I needed a roller stand to hold stock for the horizontal band saw and here is what I whipped up.
I stole bearings from a wheel on a kids scooter for the roller. It works well for my 3/4" x 4" x 12' aluminum stock and the 2 1/2 round 12' aluminum stock.
Up till now I was using a modified saw horse which was a pain in the saw horse's rump. :rofl:


----------



## RandyM (Apr 2, 2013)

Pretty nice Ed. You are getting really comfortable using aluminum I see. Oh, you have no need for it to be adjustable in height?


----------



## Ray C (Apr 2, 2013)

You know, the problem with making nice looking stuff, is that you won't want to get it all banged-up. LOL... Good job!  Enjoy putting battle scars on it.


----------



## eac67gt (Apr 2, 2013)

Hi Randy,

Yeah I kind of thought of that but I made it exactly the height of the bed on the horizontal band saw so it should work ok. I figure if I do need to change it I can always cut the square tube in the middle and make something up to adjust it.

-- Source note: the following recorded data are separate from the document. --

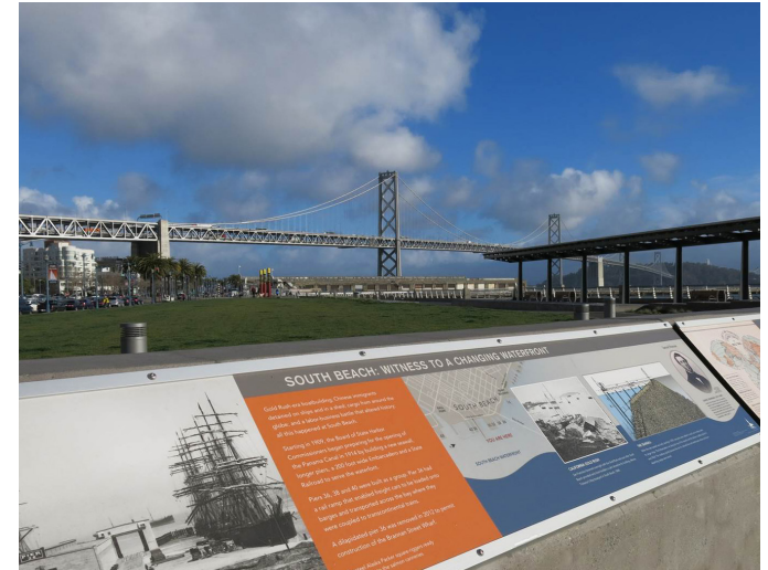
History plaque at Brannan Street Wharf

The National Trust for Historic Preservation has identified the Embarcadero Historic District as one of the most endangered historic places in the country due to seismic hazards, flood risks from rising tides, and the fragile condition of many of its historic resources. The 3 mile Embarcadero Seawall itself is a historic resource within the historic district. The Port's efforts to lead the Embarcadero Seawall Program focus on protecting regional transportation infrastructure, utilities, emergency assets, and businesses. These efforts will include strategies to preserve and enhance the resilience of the historic bulkhead and pier structures. This work will be complex and complicated. Improvements to the Seawall will likely involve various partnerships to support and leverage public and private investments. Properties along the South Beach waterfront will need to incorporate waterfront resilience improvements that also include other public benefits. The Port and the public will need to consider non-traditional approaches to historic preservation that allow for the innovation required to adapt to the impacts of climate change while respecting the history, character, and authenticity of the waterfront.
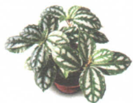
Aluminum Plant Pilea cadieri
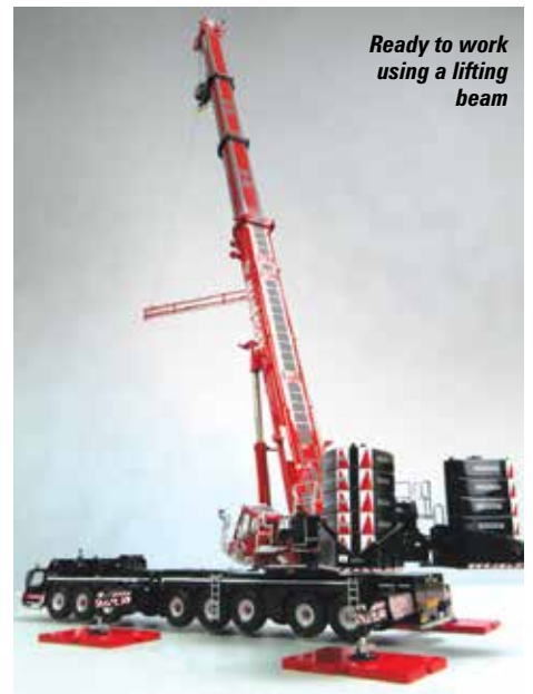
Ready to work using a lifting beam

This is a top quality model which is made well, and the Mammoet paintwork and graphics are generally excellent. It sets a very high standard for a large mobile crane model and costs €589 from the Mammoet Store.
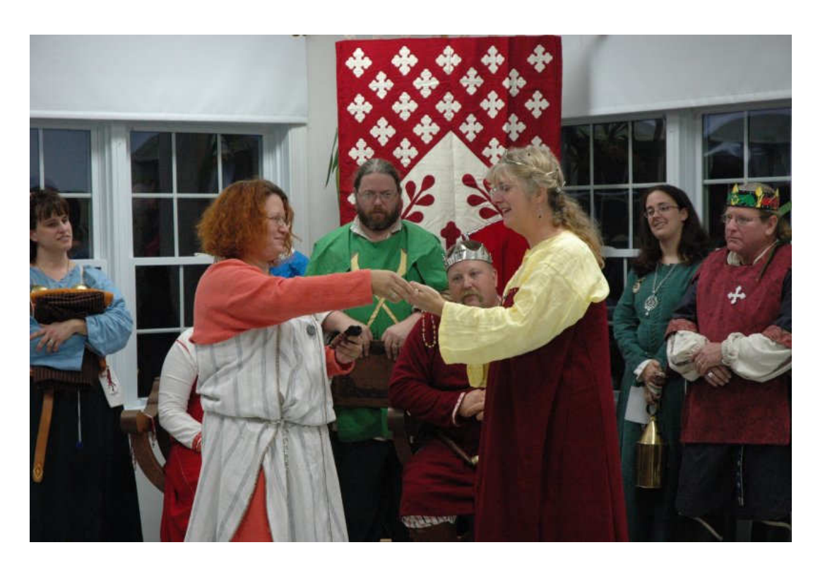
Mistress Rose takes Lady Minna as a protégé.
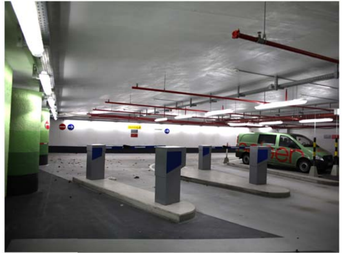
Exit 1st Basement after the renovation
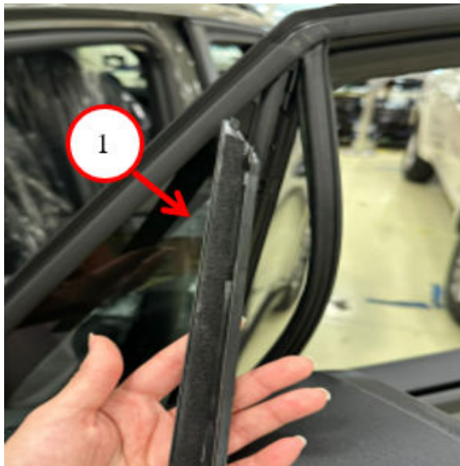
Fig. 2 Remove Door Applique
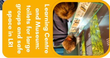
Learning Centre and Museum: toilets for large groups and safe space in LRI
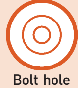
PLATE TYPE & DIMENSIONS (mm)
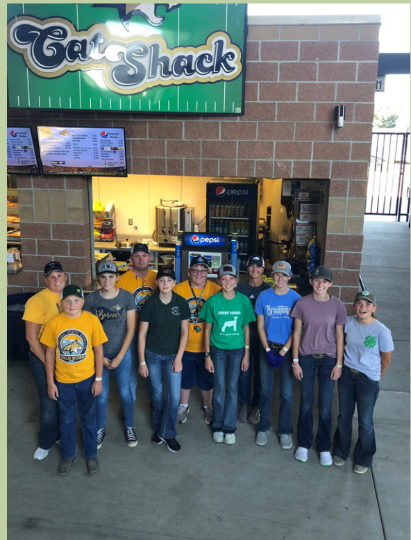
MSU Bobcat football game fundraiser, selling concessions.
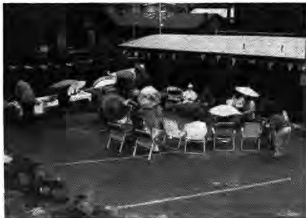
"2129-2235 Fairview's Annual Mt. St. Helen's Memorial Dock Party was rained on but not out."
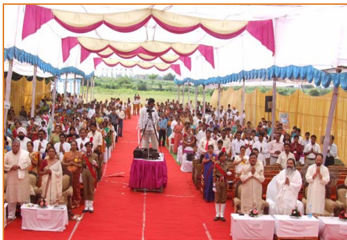
MVM students, Staff, Chief Guest and Guest of Honor are performing Guru Parampara Pujan on the occasion of Maharishi National Cultural Celebration.
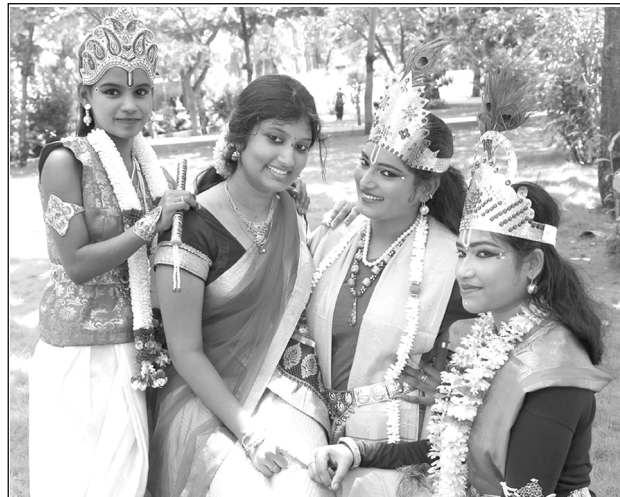
Students dressed up as Lord Krishna and other Hindu God's performing during Krishna Jayanti celebration, at MGR Janakai Womens College, in Chennai on Friday.

They must interpret corruption laws in the context of the spirit of the law and in favour of the state and the society rather than in the interests of the offenders, which they often end up doing on the pretext of saving one innocent even if a thousand guilty go scot free. The charity has to end at some point. (IPA)
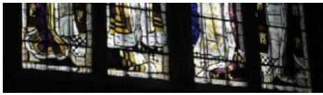
The Royal Family from Coronation Day 1937 immortalized in the stained glass of Canterbury Cathedral

Prime Minister brought this vision of a victorious future home by constantly waving a "V" with his fingers whenever he was in public until the end of the war.
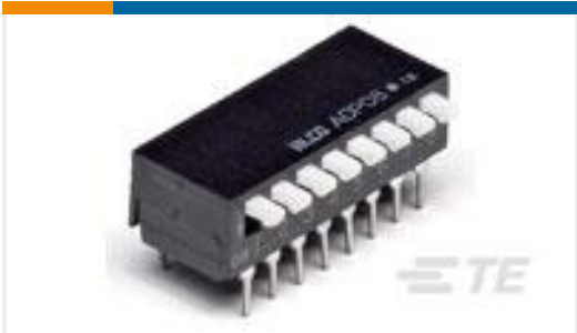
TE Part # 1571999-6 ADP0404=PIANO DIP SWITCH
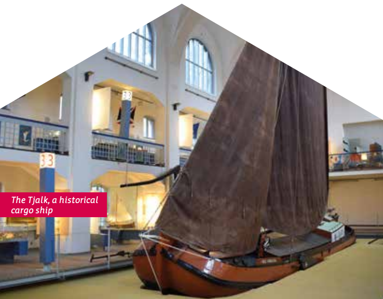
The Tjalk, a historical cargo ship

The current museum is housed in a former art nouveau swimming pool. It opened in 1910 and had two swimming halls – one for men and one for women. The house rules were strict. One particular rule stated, for example: 'Operations to remove corns may not be performed on the premises.'
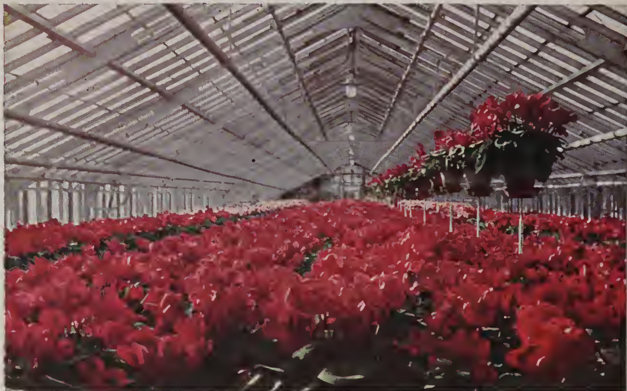
Binnewies' House with the variety Nr. 15, Saffron Red.
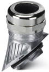
EVO metal cable gland with bayonet locking; size M40, for 5 conductors with 8.5 mm cable diameter

Please be informed that the data shown in this PDF Document is generated from our Online Catalog. Please find the complete data in the user's documentation. Our General Terms of Use for Downloads are valid ( http://phoenixcontact.com/download )
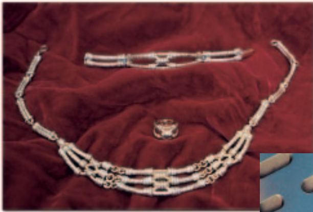
Fig. 5—Electroformed 24K gold jewelry produced on wax mandrels.
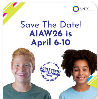
Social media post
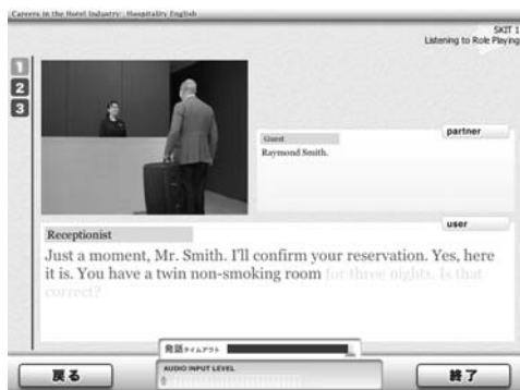
Figure 6: Screenshot of words recognized by the speech recognition system

Students are required to say aloud the model phrases as they watch the video clip of each text and to pronounce the phrases correctly. The English speech recognition system assesses students' utterances and a learner's pronunciation problems can be immediately detected by an acoustic database of Japanese learners' English pronunciation. The pronunciation errors in the students' utterances are counted and at the same time the words which were recognized by the speech recognition system are shown in green on a screen display as indicated in Fig. 6.

The aluminum is all I really have to work with but then my son left me about 400 pounds of stock when he left to go back to college. He told me to use whatever I want and the machines are mine for the next 4 years. I have no problem with that. :thumbsup:

Thanks everyone for your compliments.

Ed


----------



## cbtrek (Apr 2, 2013)

Very nice!

Alum is a great material to build out of, no rust or painting!


----------